JANE BICHMACHER DE GLASMAN
Publicado em Visão Judaica 67, abril de 2008
A ceia que foi a origem da eucaristia era um seder de Pessach.
A origem da hóstia é o pão ázimo (matzá). A palavra vem do latim hostia (=vítima); significa “vítima oferecida em sacrifício para uma divindade” e “partícula de pão ázimo que se consagra durante a comunhão”. Em hebraico, as palavras correspondentes são Korban e Matzá, respectivamente.
Antigamente na Igreja os fiéis ofereciam o necessário para o culto, sobretudo o pão e o vinho. Desde o século XI, o pão utilizado no altar é preparado à parte pelo clero. Ele tem que ser de farinha, ázimo e com marcas que o distinga do pão comum. No século XI, a Igreja católica ordenou que se utilizasse na Missa somente pão sem levedura[i][1]. Quanto à forma do pão eucarístico, o Papa São Ceferino (séc. III) os chama de "coroas" por causa de sua forma redonda[ii][2].
Em suma: a hóstia é basicamente uma matzá shemurá[iii][3] kasher!
Mas a macabra ironia começa um pouco depois.
Em 1215, no IV Concílio Laterano, foi estabelecido o dogma da transubstanciação, que afirma que o pão e o vinho da comunhão não somente simbolizam, mas milagrosamente se transformam no corpo e no sangue de Cristo. Esta doutrina, associada a outras medidas discriminatórias contra os judeus[iv][4], tornou-se fonte de anti-semitismo cristão. Destacam-se duas calúnias:
1) Profanação da hóstia: Durante muito tempo, circularam acusações de que a hóstia era profanada pelos judeus, que tentavam roubá-la para esfaqueá-la, atormentá-la e queimá-la numa tentativa de “recrucificar” Jesus. Muitas estórias circulavam para ilustrar.
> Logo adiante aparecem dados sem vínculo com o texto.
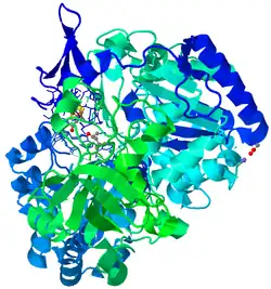 - ^ Seiffert GB, Ullmann GM, Messerschmidt A, Schink B, Kroneck PM, Einsle O (February 2007). "Structure of the non-redox-active tungsten/[4Fe:4S] enzyme acetylene hydratase". Proceedings of the National Academy of Sciences of the United States of America. 104 (9): 3073–3077. Bibcode:2007PNAS..104.3073S. doi:10.1073/pnas.0610407104. PMC 1805521. PMID 17360611.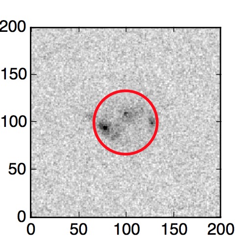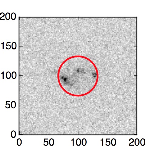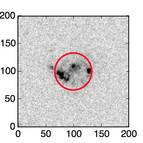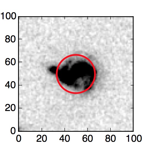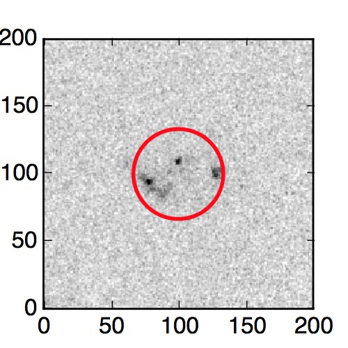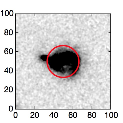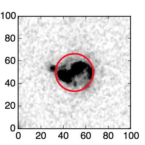 The red circle in the various panels is 1" in radius. The images are 6"x6".

Em 1298, a acusação de profanação da hóstia fez com que toda a população judaica de Röttingen fosse queimada, seguindo-se um massacre dos judeus por toda a Alemanha e na Áustria. 100.000 pessoas foram assassinadas e em torno de 140 comunidades judaicas dizimadas. Em Praga, em 1389, um sacerdote carregando uma hóstia foi acidentalmente salpicado de areia por algumas crianças judias que brincavam. Em conseqüência disto, 3.000 judeus foram massacrados.
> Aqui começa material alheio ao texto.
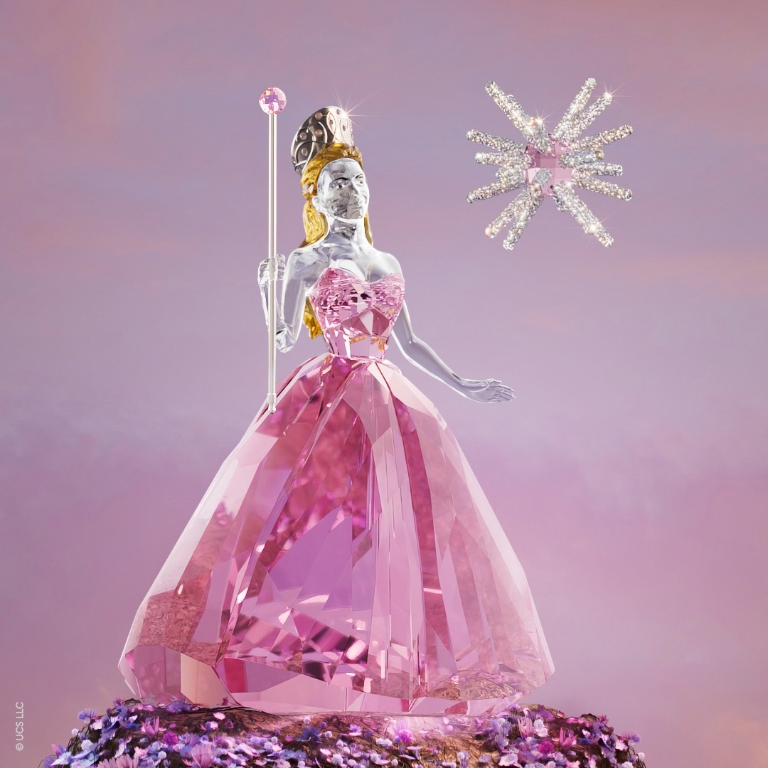 ผลงานชิ้นนี้ได้รับแรงบันดาลใจจากดาวที่ปลายคทาของ Glinda โดยถ่ายทอดความงดงามออกมาผ่านคริสตัลเจียระไนแบบ full-cut และ Crystal Rocks ที่สะท้อนแสงระยิบระยับทุกมุมมองกว่า 443 เหลี่ยมมุม ตรงกลางประดับด้วยคริสตัลสีชมพู ทำให้ออร์นาเมนต์ชิ้นนี้โดดเด่นราวกับมีมนตร์สะกด แขวนด้วยริบบิ้นกรอสเกรนสีขาว เพิ่มสัมผัสความหรูหราเหนือกาลเวลา เหมาะทั้งเป็นของสะสมสุดพิเศษหรือของขวัญที่แฟน Wicked ต้องหลงรัก

2) Libelo de Sangue: afirma que judeus matam cristãos para obter sangue para Pessach e outros rituais. Acreditava-se que os judeus precisavam beber sangue cristão a fim de que sua aparência pudesse continuar humana; o sangue cristão também ajudava a eliminar o foetur judaicus, "fedor de judeu", que era transformado em "odor de santidade" possuído pelos cristãos. Outra versão desta acusação era que os judeus seqüestravam bebês cristãos, matavam e moíam seus corpos para fazer matzá para Pessach. Esta calúnia é tão absurda que seria cômica se não tivesse tido conseqüências tão trágicas. Ao povo judeu é proibido beber o sangue de qualquer animal, muito menos sangue e carne humanos. Apesar de sua óbvia falsidade a qualquer pessoa com um mínimo de conhecimento das leis dietéticas judaicas, milhares de judeus foram assassinados por causa desta mentira. E pior: ela continuou até nossos dias... Entre 1880 e 1945, o libelo de sangue espalhou-se largamente no centro da Europa Oriental. O jornal nazista Der Stürmer apresentava regularmente figuras de rabinos chupando o sangue de crianças alemãs. E a calúnia persiste, travestida, principalmente na mídia muçulmana extremista antiisraelense...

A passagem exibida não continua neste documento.